> [Extracted information]:
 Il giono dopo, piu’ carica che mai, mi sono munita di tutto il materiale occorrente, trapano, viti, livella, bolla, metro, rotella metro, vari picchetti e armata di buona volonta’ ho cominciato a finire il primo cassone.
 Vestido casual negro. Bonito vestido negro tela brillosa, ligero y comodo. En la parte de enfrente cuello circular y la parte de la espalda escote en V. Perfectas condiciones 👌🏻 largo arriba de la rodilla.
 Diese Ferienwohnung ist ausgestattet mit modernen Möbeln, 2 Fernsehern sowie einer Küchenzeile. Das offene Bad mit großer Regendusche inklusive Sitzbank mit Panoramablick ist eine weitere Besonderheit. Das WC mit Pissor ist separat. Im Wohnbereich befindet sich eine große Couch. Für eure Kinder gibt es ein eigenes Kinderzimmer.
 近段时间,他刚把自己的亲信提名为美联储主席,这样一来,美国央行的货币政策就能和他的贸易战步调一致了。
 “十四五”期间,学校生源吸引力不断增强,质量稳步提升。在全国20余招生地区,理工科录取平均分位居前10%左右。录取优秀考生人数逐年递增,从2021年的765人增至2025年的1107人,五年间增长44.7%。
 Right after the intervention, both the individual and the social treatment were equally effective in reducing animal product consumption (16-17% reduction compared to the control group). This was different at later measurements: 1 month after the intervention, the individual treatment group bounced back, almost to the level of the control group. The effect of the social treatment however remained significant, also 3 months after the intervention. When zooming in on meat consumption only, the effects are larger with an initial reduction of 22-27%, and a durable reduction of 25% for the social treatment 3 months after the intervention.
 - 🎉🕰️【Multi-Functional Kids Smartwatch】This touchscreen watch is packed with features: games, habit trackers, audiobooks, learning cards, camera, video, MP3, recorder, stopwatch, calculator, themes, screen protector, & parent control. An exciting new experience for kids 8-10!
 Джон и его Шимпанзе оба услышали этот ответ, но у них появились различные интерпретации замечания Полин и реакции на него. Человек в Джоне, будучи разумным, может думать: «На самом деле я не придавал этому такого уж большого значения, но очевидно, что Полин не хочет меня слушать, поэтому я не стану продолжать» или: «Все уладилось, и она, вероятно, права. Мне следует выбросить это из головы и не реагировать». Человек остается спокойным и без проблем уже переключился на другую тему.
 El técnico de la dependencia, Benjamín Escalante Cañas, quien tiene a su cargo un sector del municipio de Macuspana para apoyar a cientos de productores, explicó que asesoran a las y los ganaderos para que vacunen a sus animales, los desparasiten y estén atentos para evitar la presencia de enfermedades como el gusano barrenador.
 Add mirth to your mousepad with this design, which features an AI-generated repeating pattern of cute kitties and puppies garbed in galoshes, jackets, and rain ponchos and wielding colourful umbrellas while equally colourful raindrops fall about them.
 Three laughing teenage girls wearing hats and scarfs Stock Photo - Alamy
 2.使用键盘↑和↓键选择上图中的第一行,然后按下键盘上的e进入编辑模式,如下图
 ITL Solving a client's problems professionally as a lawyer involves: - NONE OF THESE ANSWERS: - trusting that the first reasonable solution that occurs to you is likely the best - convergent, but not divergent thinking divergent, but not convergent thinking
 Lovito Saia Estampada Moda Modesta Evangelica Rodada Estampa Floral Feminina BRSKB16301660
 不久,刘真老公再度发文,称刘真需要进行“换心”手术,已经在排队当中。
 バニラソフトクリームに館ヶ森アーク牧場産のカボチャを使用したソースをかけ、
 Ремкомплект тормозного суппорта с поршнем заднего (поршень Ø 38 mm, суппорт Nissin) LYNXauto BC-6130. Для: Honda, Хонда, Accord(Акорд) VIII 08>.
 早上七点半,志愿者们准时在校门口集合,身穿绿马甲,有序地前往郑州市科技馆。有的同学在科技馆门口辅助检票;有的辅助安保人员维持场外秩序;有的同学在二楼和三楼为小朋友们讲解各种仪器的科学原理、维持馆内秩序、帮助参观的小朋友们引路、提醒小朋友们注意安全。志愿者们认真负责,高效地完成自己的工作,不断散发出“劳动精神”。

> [Prompt]:
Would you copy out each line of the records above where the word "with" occurs?

> [Exercise solution]:
 Right after the intervention, both the individual and the social treatment were equally effective in reducing animal product consumption (16-17% reduction compared to the control group). This was different at later measurements: 1 month after the intervention, the individual treatment group bounced back, almost to the level of the control group. The effect of the social treatment however remained significant, also 3 months after the intervention. When zooming in on meat consumption only, the effects are larger with an initial reduction of 22-27%, and a durable reduction of 25% for the social treatment 3 months after the intervention.
 - 🎉🕰️【Multi-Functional Kids Smartwatch】This touchscreen watch is packed with features: games, habit trackers, audiobooks, learning cards, camera, video, MP3, recorder, stopwatch, calculator, themes, screen protector, & parent control. An exciting new experience for kids 8-10!
 Add mirth to your mousepad with this design, which features an AI-generated repeating pattern of cute kitties and puppies garbed in galoshes, jackets, and rain ponchos and wielding colourful umbrellas while equally colourful raindrops fall about them.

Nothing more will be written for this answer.